• Information provided:
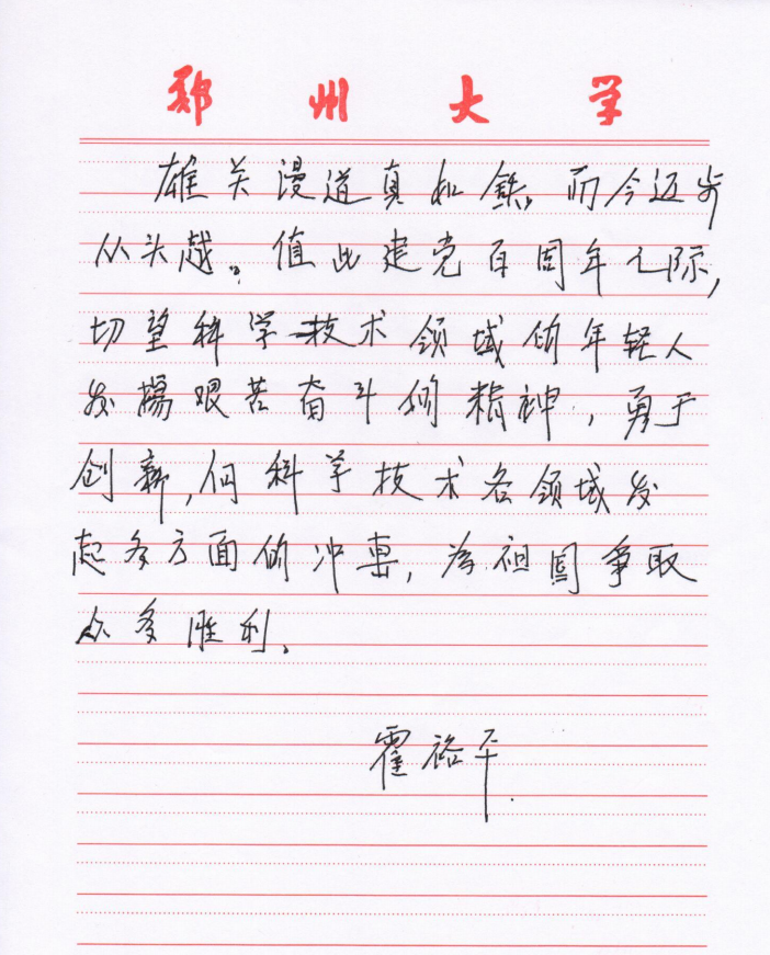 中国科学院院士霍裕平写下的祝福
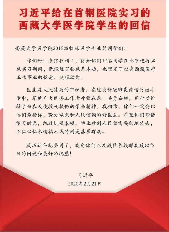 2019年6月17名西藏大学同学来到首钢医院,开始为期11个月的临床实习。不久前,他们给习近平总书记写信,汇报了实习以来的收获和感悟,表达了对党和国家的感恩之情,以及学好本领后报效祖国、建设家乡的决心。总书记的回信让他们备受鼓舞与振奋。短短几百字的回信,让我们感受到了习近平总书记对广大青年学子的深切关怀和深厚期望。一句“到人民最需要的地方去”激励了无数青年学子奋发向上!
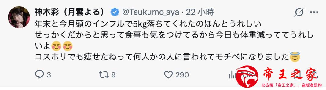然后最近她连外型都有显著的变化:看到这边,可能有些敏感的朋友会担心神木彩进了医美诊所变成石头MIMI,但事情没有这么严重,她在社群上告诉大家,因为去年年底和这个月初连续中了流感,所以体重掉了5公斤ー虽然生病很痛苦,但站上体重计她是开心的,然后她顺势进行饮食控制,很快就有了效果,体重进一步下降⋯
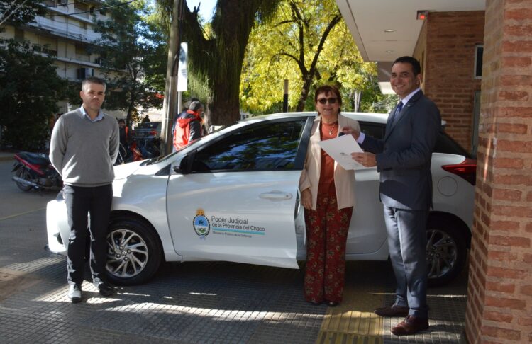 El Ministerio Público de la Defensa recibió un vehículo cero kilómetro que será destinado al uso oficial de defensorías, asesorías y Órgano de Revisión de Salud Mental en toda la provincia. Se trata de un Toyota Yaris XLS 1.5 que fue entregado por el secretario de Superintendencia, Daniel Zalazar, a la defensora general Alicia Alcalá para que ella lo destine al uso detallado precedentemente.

• Work order:
In your answer, copy exactly the lines running from the line with "然后最近她连外型都有显著的变" to the end of the material above, both included, and omit all pictures.

• Output for this task:
然后最近她连外型都有显著的变化:看到这边,可能有些敏感的朋友会担心神木彩进了医美诊所变成石头MIMI,但事情没有这么严重,她在社群上告诉大家,因为去年年底和这个月初连续中了流感,所以体重掉了5公斤ー虽然生病很痛苦,但站上体重计她是开心的,然后她顺势进行饮食控制,很快就有了效果,体重进一步下降⋯
 El Ministerio Público de la Defensa recibió un vehículo cero kilómetro que será destinado al uso oficial de defensorías, asesorías y Órgano de Revisión de Salud Mental en toda la provincia. Se trata de un Toyota Yaris XLS 1.5 que fue entregado por el secretario de Superintendencia, Daniel Zalazar, a la defensora general Alicia Alcalá para que ella lo destine al uso detallado precedentemente.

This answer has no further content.